DATA BELOW:
-----

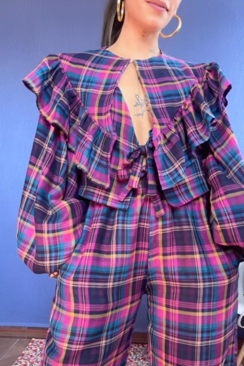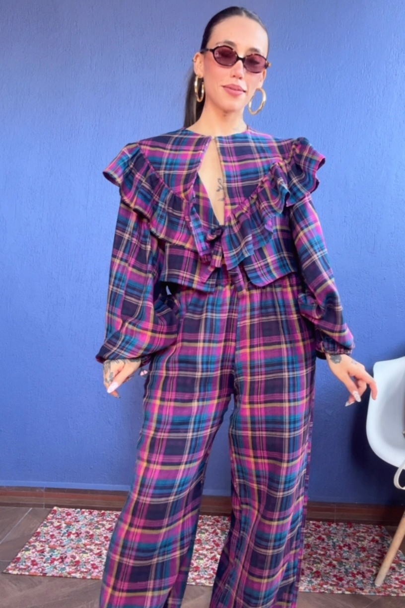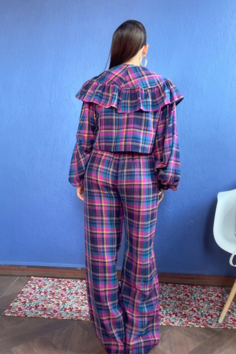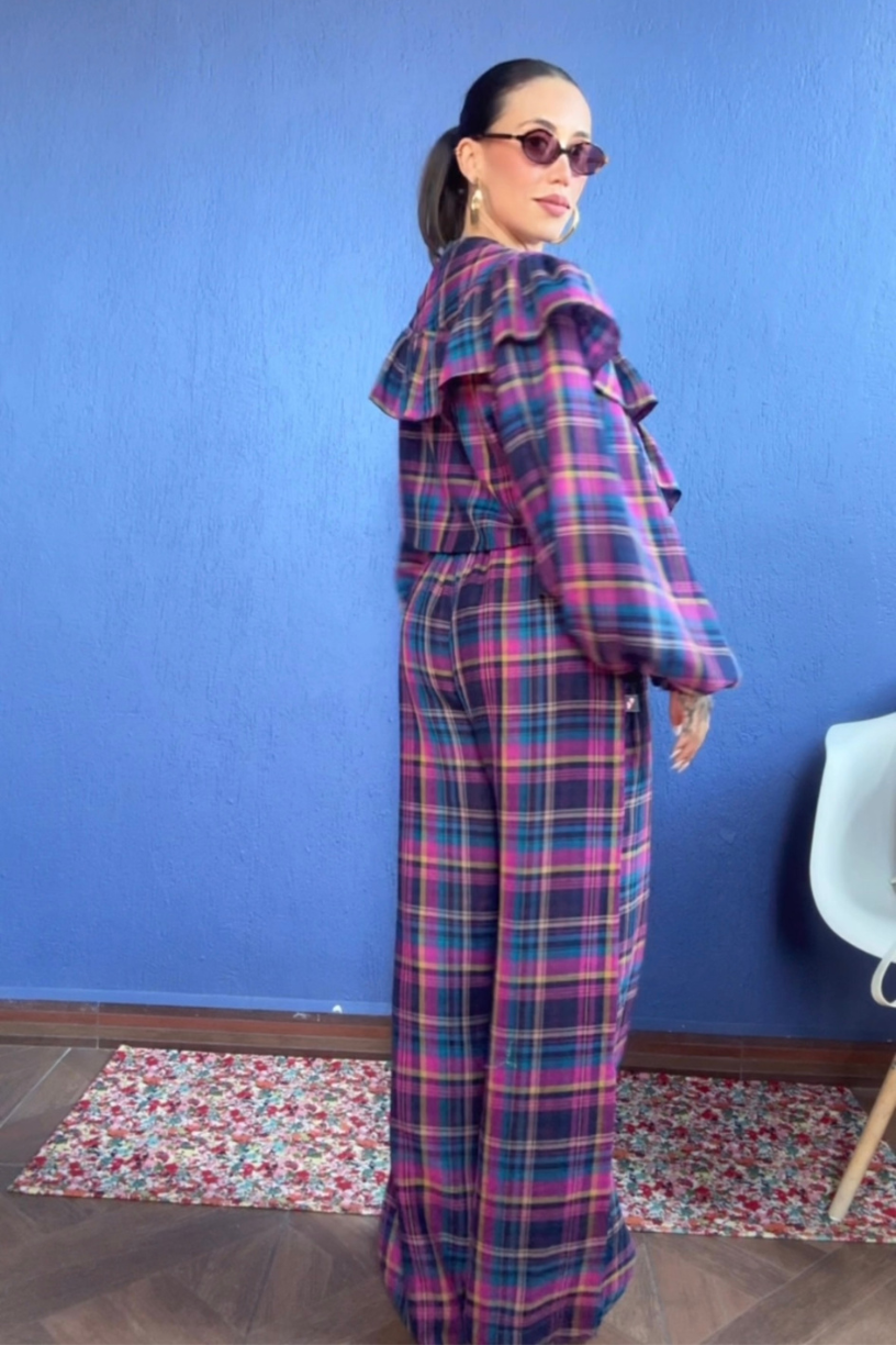 Un set lleno de personalidad, con un tejido a cuadros en rosa, marino y una línea amarilla vibrante que le da un toque inesperado. Cada prenda es especial por sí sola, pero juntas crean un outfit que transmite fuerza, actitud y mucho estilo.
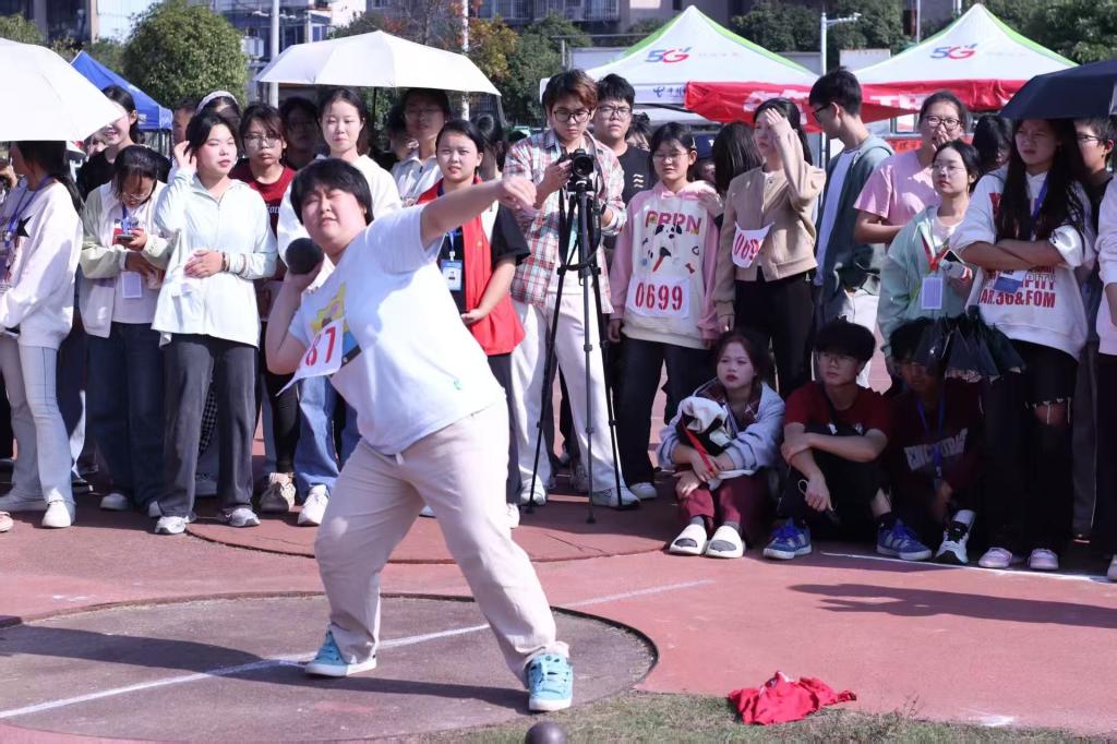 11月6日下午2点,必赢242net第二十五届田径运动会赛事正酣,运动健儿们在赛场上挥洒汗水、挑战自我,诸多精彩瞬间振奋人心。主田径场女子铅球赛场的比拼扣人心弦,英语2481班刘萌萌凭借出色发挥,以7.11米的成绩荣获亚军。
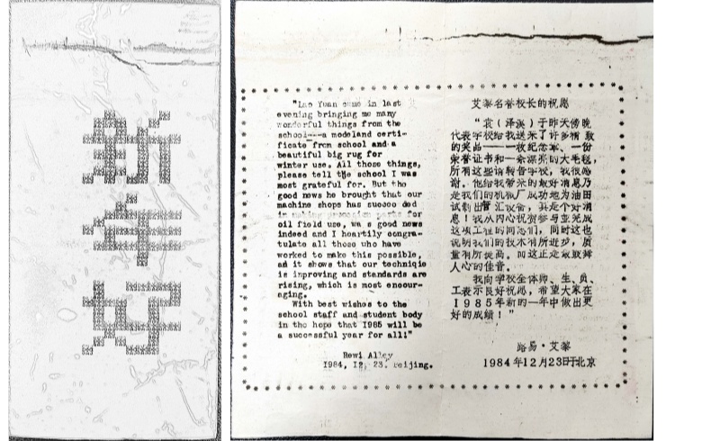 證(zheng)書是由石油(you)(you)工業部培黎石油(you)(you)技校(xiao)申報的。1984年(nian)12月30日(ri),培黎石油(you)(you)技校(xiao)自制的新年(nian)賀卡(ka)內頁用中(zhong)英文印上了名(ming)譽校(xiao)長(chang)艾黎的祝(zhu)愿:

-----

EXERCISE DESCRIPTION:
Your output should be the lines from the one with "11月6日下午2点,必赢24" through the end of the listing, copied exactly and with the pictures left out.

ANSWER SECTION:
 11月6日下午2点,必赢242net第二十五届田径运动会赛事正酣,运动健儿们在赛场上挥洒汗水、挑战自我,诸多精彩瞬间振奋人心。主田径场女子铅球赛场的比拼扣人心弦,英语2481班刘萌萌凭借出色发挥,以7.11米的成绩荣获亚军。
 證(zheng)書是由石油(you)(you)工業部培黎石油(you)(you)技校(xiao)申報的。1984年(nian)12月30日(ri),培黎石油(you)(you)技校(xiao)自制的新年(nian)賀卡(ka)內頁用中(zhong)英文印上了名(ming)譽校(xiao)長(chang)艾黎的祝(zhu)愿:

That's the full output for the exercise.